Berlin. Auch in seinem zweiten Bundesliga-Jahr schafft RB Leipzig den Sprung nach Europa. Zum Saisonabschluss feiern die Sachsen einen verdienten 6:2-Erfolg bei Hertha BSC. Spannend wird, wie es mit Trainer Ralph Hasenhüttl weitergeht.

Leipzig stürmt nach Europa - Hasenhüttl lässt Zukunft offen

Leipzigs Upamecano (M) jubelt nach seinem 1:0-Treffer gegen die Berliner Hertha. Foto: Soeren Stache

Nach der euphorischen Europa-Party der Spieler von RB Leipzig startete Ralph Hasenhüttl seine ganz eigene Feier mit den Fans. Im weißen Danke-T-Shirt machte der Coach die La Ola alleine vor der Kurve und streckte immer wieder erleichtert seine Faust nach oben.

Durch die Tor-Gala beim 6:2 (3:1) bei Hertha BSC sind die Sachsen auch nach ihrer zweiten Saison in der Fußball-Bundesliga international dabei. „Ich bin sehr stolz auf die Jungs, was sie dieses Jahr geleistet haben“, schwärmte Hasenhüttl.

Durch den starken Abschluss einer Saison mit Höhen und Tiefen sammelte der Trainer auch gute Argumente für den Poker um seine Zukunft. Doch eine mögliche Verlängerung der Zusammenarbeit ließ Hasenhüttl weiter offen. „Ich habe Vertrag bis 2019, ich habe mich mit dem Verein auf die nächste Woche verständigt“, sagte er. „Alles Weitere ist mir heute keine Überlegung wert, ich möchte mich heute nur über ein tolles Jahr freuen.“ In den kommenden Tagen stehen Gespräche mit Sportdirektor Ralf Rangnick an.

Dayot Upamecano (2. Minute), Ademola Lookman (8.), Jean-Kévin Augustin (22./54.), Timo Werner (49.) und Bruma (82.) sicherten am Samstag vor 60.502 Zuschauern im Olympiastadion mit ihren Toren den sechsten Tabellenplatz ab. Sollte Meister FC Bayern am Samstag im DFB-Pokalfinale Eintracht Frankfurt bezwingen, ist für Leipzig auch der direkte Einzug in die Gruppenphase der Europa League perfekt. Durch die Ergebnisse der Konkurrenz erfüllte sich die Mini-Hoffnung auf die Königsklasse aber nicht mehr.

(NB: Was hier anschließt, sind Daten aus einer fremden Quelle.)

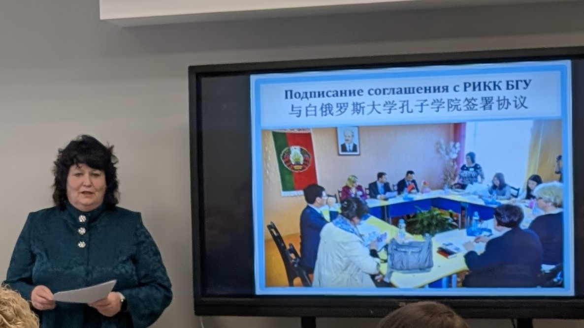 Галина Яковлевна Кабешева, директор ГУО «Средняя школа №16 г.Орши», представила уникальный опыт сотрудничества школы и Республиканского института китаеведения имени Конфуция Белорусского государственного университета по организации образовательного процесса и подготовке учителей китайского языка, а также достижения учащихся и педагогов.
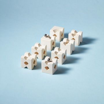 Balení obsahuje 8 funkčních kostek v barvě slonová kost, 2 kuličky z ušlechtilé oceli, návod v češtině, angličtině a němčině, vše vloženo do papírové krabičky vyrobené z recyklovaného papíru.
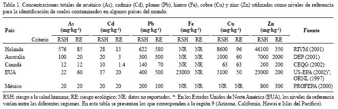 Sin embargo, es muy común que para la identificación de suelos contaminados se recurra a los denominados "niveles genéricos de referencia", los cuales han sido estimados con base en el riesgo ecológico y a la salud humana, asumiendo el 100% de disponibilidad de los contaminantes en los suelos evaluados. En México, la Procuraduría Federal de Protección al Ambiente estableció los niveles genéricos de referencia (PROFEPA, 2000) con base en los valores reportados en otros países. Estos niveles de referencia de PROFEPA (2000) caen dentro de los más estrictos (Tabla 1) y se aplican en forma general en todo el territorio nacional sin considerar que los suelos varían notablemente de un lugar a otro. La composición y el comportamiento químico del suelo están determinados por el tipo de roca del que se origina, el clima, la cubierta vegetal, el grado de intemperismo y la topografía, por lo que los niveles genéricos de referencia pueden ser inferiores o superiores a los valores de fondo naturales de los EPT en los suelos de México. Esto significa que su aplicación puede resultar en la subvaloración o sobrevaloración del problema ambiental que puedan representar los EPT en los suelos estudiados.
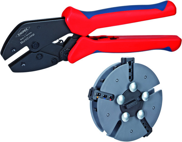97 33 01 KNIPEX MultiCrimp® Nur ein Werkzeug für die gängigsten Crimpanwendungen. Schnelles und einfaches Wechseln der Crimpeinsätze ohne Zusatzwerkzeug. Sichere und geschützte Aufbewahrung der Wechseleinsätze in einem Rundmagazin. Komfortable, leistungsstarke Crimpzange in Profi-Qualität. Zuverlässige Crimpergebnisse wie bei fest montierten Crimpeinsätzen. Gleichbleibend hohe Crimpqualität durch Präzisionseinsätze und Zwangssperre (entriegelbar). Die Crimpeinsätze 97 49 xx der Crimp-Systemzange 97 43 200 sind nicht kompatibel mit der KNIPEX MultiCrimp 97 33 01/02. - Anwendung: unisolierte, offene Flachsteckverbinder (4,8 + 6,3 mm Steckerbreite) - Kapazität Quadratmillimeter: 0,25 — 6,0mm² - Anzahl der Nester: 3 - AWG: 20 — 10
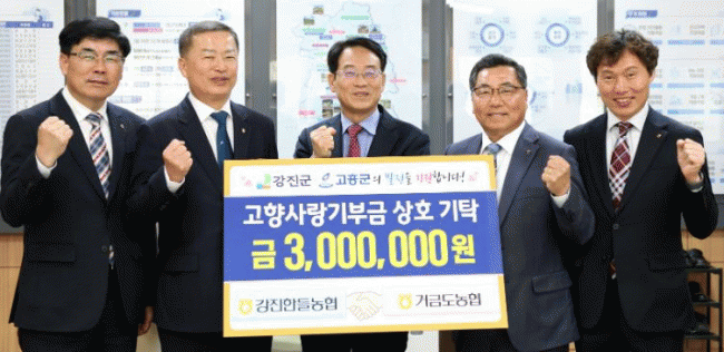 [NWS¹æ¼Û=Çѽ¸ñ ±âÀÚ]°­Áø±ºÀº Áö³­ 14ÀÏ °­ÁøÇѵé³óÇù°ú °íÈï°Å±Ýµµ³óÇù ÀÓÁ÷¿øµéÀÌ °­Áø±ºÃ»À» ã¾Æ °íÇâ»ç¶û±âºÎ±Ý 300¸¸¿øÀ» »óÈ£ Áö¿ª¿¡ ±âºÎÇß´Ù°í 15ÀÏ ¹àÇû´Ù. °­Áø±ºÃ»¿¡¼­ ÁøÇàµÈ ±âºÎ½Ä¿¡´Â °­Áø¿ø °­Áø±º¼ö, À念Á¶ ³óÇùÁß¡¦
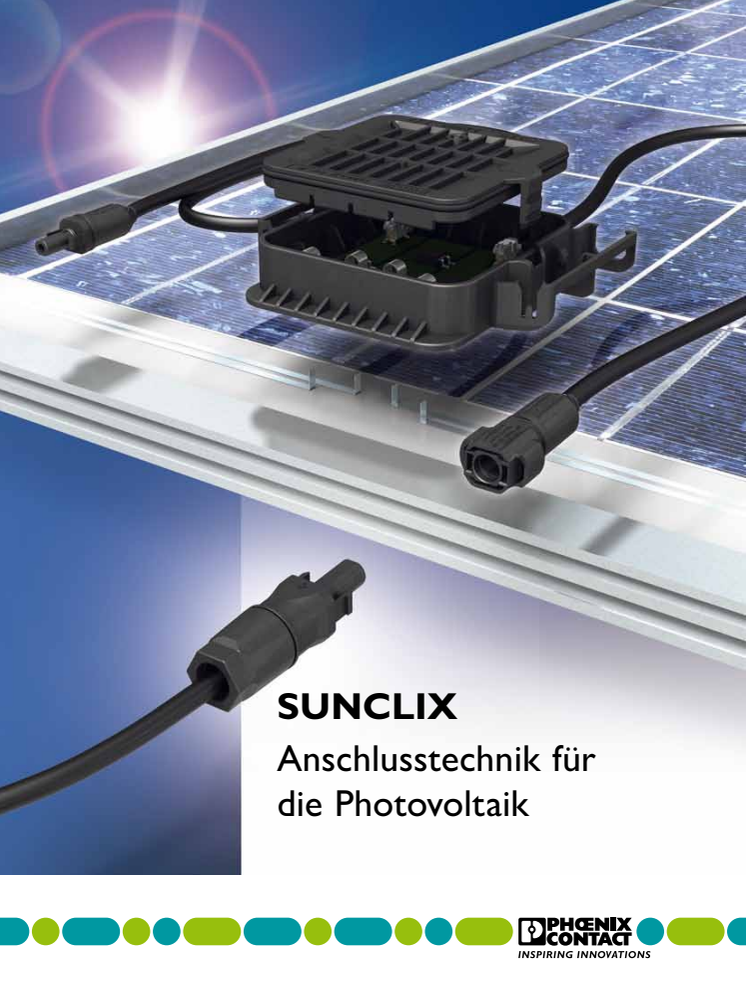 De nya kraftiga SUNCLIX-kontakterna för eget montage från Phoenix Contact gör det möjligt att enkelt kontaktera 6 mm² till 16 mm². Kontakterna har utvecklats som ett svar på behovet av förnyelsebar energi med stora solenergisystem där det är långa avstånd mellan panel och kopplingsboxar/växelriktare. Ledare av kraftigare area krävs för att minska förlusten i kabeln.
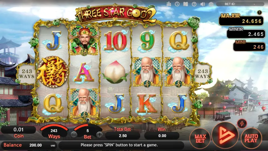 El diseño de Three Star God 2 está profundamente influenciado por la mitología china, lo que se refleja claramente en sus símbolos y narrativa. Los personajes principales del juego, conocidos como los Tres Dioses Estrella, son figuras populares en la cultura china, venerados por muchos por su simbolismo de riqueza, salud y fortuna. Estos dioses no solo forman parte del trasfondo del juego, sino que también juegan un papel crucial en las mecánicas del mismo, ofreciendo funciones especiales que pueden aumentar significativamente las ganancias del jugador.

Schon vergangene Saison hatte Leipzig in Berlin das Ticket für die Champions League gefeiert. Für Hertha trafen Vedad Ibisevic (4.) und Salomon Kalou (64.). Damit erfüllte der Hauptstadtclub zwar als Zehnter sein Saisonziel, bot seinen Fans aber wieder mal einen blamablen Auftritt zum Abschluss. Schon vergangene Saison gab es ein 2:6 gegen Bayer Leverkusen. Zuletzt gewann Hertha vor sechs Jahren am 34. Spieltag - und stieg anschließend in der Relegation ab. „Ziel war Top Zehn, das haben wir geschafft“, resümierte Coach Pal Dardai dennoch und sprach von einem guten Fundament.

Bei Leipzig wollte Rangnick schon vor dem Anpfiff ein Verpassen der Königsklasse nicht als Rückschritt bewerten und sprach von einer „außergewöhnlichen Saison“. Spannend bleibt nun die Zukunft von Coach Hasenhüttl. „Es gibt keine Entscheidung zu präsentieren“, sagte Rangnick bei Sky. „Wir werden in aller Ruhe die Saison besprechen.“

Und zumindest sportlich sprach der letzte Auftritt für eine weitere Zusammenarbeit mit dem Trainer. Von Beginn an war Herthas Defensive mit dem Leipziger Hochgeschwindigkeitsfußball überfordert.

Mit dem Sieg holte Leipzig in seinen ersten beiden Bundesliga-Saisons 120 Zähler, dies gelang umgerechnet auf die Drei-Punkte-Regel nur dem FC Bayern München. Zudem ist das Hasenhüttl-Team der erste deutsche Europapokal-Debütant seit Leverkusen 1986/87 und 1987/88, der auch im nächsten Jahr den Sprung in das internationale Geschäft schaffte.

Die Grundlage für den Erfolg legte Upamecano, der sich im Anschluss an eine Ecke des agilen Kevin Kampl nach nur 75 Sekunden im Kopfballduell mit Mathew Leckie durchsetzte. Nur 130 Sekunden später sorgte Ibisevic mit seinem sechsten Saisontreffer für den Ausgleich, doch Leipzig ließ sich von diesem Rückschlag nicht beirren. Nach sehenswerter Hackenablage von Werner erwischte Lookmann Rune Jarstein mit einem Schuss in die kurze Ecke auf dem falschen Fuß. Und auch beim 1:3 sah der Hertha-Keeper nicht gut aus. Das Spiel wurde zum Leipziger Schaulaufen.

Bei Hertha durfte Julian Schieber sich für eine halbe Stunde in seinem letzten Einsatz noch einmal präsentieren. Im Gegensatz zu Mitchell Weiser, der vor seinem Abgang zu Leverkusen nicht im Kader stand und nach Angaben des Clubs auf eigenen Wunsch nicht im Stadion verabschiedet wurde.